Rodrigo Valdez (February 22, 1946 – March 15, 2017) was a Colombian professional boxer who competed from 1963 to 1980. He was a two time middleweight champion, having held the WBC title from 1974 to 1976 and the undisputed WBA, WBC, and ''The Ring titles from 1977 to 1978. His rivalry with Carlos Monzón has long been considered among the most legendary boxing rivalries. Valdez was trained by International Boxing Hall of Fame coach Gil Clancy. Many people consider him, Antonio Cervantes and Miguel "Happy" Lora to be the three greatest boxers ever to come from that country.
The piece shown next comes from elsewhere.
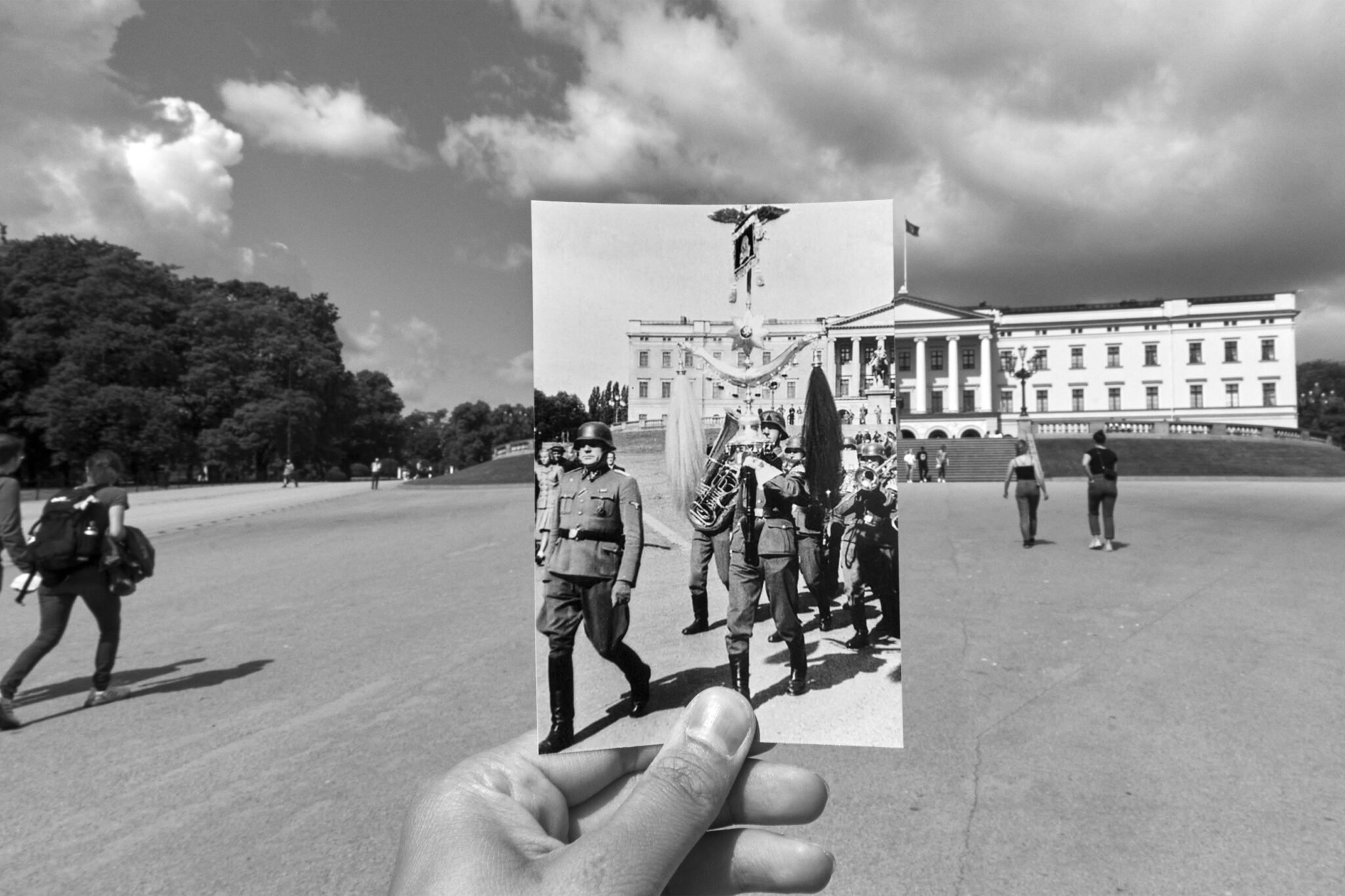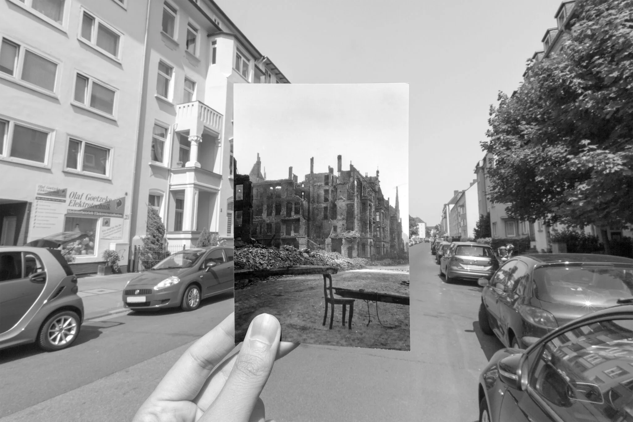 Med over 80 fotografier dokumenterer og sammenstiller Alireza Husseini historiske bilder fra andre verdenskrig med samtidens bylandskap. Utstillingen synliggjør hvordan spor etter krig, fascisme og Holocaust fortsatt er til stede i det europeiske landskapet.

He is 29th on Ring Magazine's list of 100 greatest punchers of all time.

Professional boxing career
Born in Bolívar, Colombia, Rodrigo Valdez began his professional boxing career with a win over Orlando Pineda in a four-round decision on October 25, 1963, at Cartagena. He won his next eight bouts, but on October 2, 1965, he lost his undefeated record, beaten by knockout in six by Rudy Escobar.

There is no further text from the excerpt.